In this respect, green biosynthesis of PdNPs might help overcome these obstacles. The approach uses natural biomimetic synthetic strategies to produce various types of NPs in a green and easy fashion.^22–25 In some cases, green biosynthesis allows biomolecules to function as reducing and capping agents, where the host biomolecule reduces that metal cation and naturally stabilizes the formed PdNPs. Thus, green biosynthesis usually adopts a one-pot strategy in which the metal precursor, biomolecule, and reaction medium are mixed in a single, straightforward synthesis step. For example, Anand et al.²⁶ demonstrated the synthesis of spherical PdNPs from Moringa oleifera peel extract, and Sathishkumar and co-workers²⁷ studied the formation of crystalline PdNPs from the bark of the Cinnamomum zeylanicum tree. Mikheenko et al.²⁸ reported PdNP synthesis by sulfidogenic bacteria for organic catalytic reactions. Overall, PdNPs formed via green synthesis show excellent promise as a catalyst material^29,30 and are considered less polluting as the reaction reagents and possible by-products are non-toxic and produce minimal waste.
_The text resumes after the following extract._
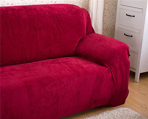Interestmaker, copridivano elasticizzato in velluto per divano da 1, 2, 3, 4 posti, rosso vivo, 3 Seater:195-230cm

Recently, proteins and biopolymers have also been recognized as beneficial biomatrix platforms for metal nanoparticle synthesis. Bachar et al.³¹ showed the synthesis of PdNPs in a stable protein 1 biomatrix. Scott and coworkers produced stable PdNPs using liposome enzymes extracted from bacteria, further showcasing their applicative use as catalysts for Suzuki and Heck reactions. However, current bio-derived green biosynthesis of PdNPs from protein and polymer substances often involves complicated and unsolved molecular structures and compositions, thus making it challenging to predict and control reaction products and optimize them. Therefore, the use of an appropriate bio-polymer with a fully characterized structure, high commercial availability, and good reducing properties is needed.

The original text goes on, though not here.